Nesse sentido, embora a área de difusão da sigillata oriental tenha sido majoritariamente a metade oriental do Mediterrâneo, sua produção se estende e abrange porções da parte ocidental, como por exemplo, as áreas de Pompéia, Tripolitânia e Santarém, onde esse tipo cerâmico pode ser atestado.

Para não criar a falsa impressão que cerâmica terra-sigillata é tratada aqui como um bloco monolítico, ou ainda, está dividida entre a produção itálica e a produção oriental, é pertinente apresentar os diferentes tipos existentes, com o propósito de nuançar suas diferenças e semelhanças, dadas as variações existentes.
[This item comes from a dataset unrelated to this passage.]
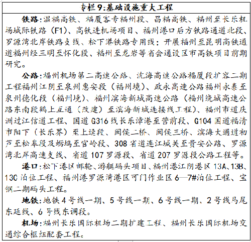 加快建设联通宁德、莆田、泉州、温州、南昌及通向机场、港口等区域的干线,积极谋划昌福、广福、温福高铁,建设国家东南区域铁路枢纽。建成轨道交通4号线一期、5号线一期、6号线一期、2号线马尾东延线,启动6号线东调段建设。建成城际铁路F1线,加快推进城际铁路F2、F3线建设。有序推进福州轨道交通第三期建设规划,在完善中心城区轨道交通线网的基础上,力争辐射周边青口汽车城、南屿、南通、闽侯县城、连江琯头和贵安等重要城市组团,形成环线+放射状的轨道交通网络。

a) Terra sigillata itálica

A menção de Plínio sobre Arezzo (Arretium) como centro produtor de cerâmica acarretou a ilação de que esse seria o único local – ou o mais importante – onde esse tipo cerâmico era produzido. Os autores do final do século XIX e inícios do XX buscaram uma maior sistematização nesse estudo e Dragendorff (1985) designou muitas das formas que são identificadas até hoje, sobretudo na Gália; seguido cronologicamente pelos estudos de Loeschcke (1909), que, baseado no estudo da sigillata presente na base militar de Haltern, apregoou a hipótese da existência de um único centro produtor.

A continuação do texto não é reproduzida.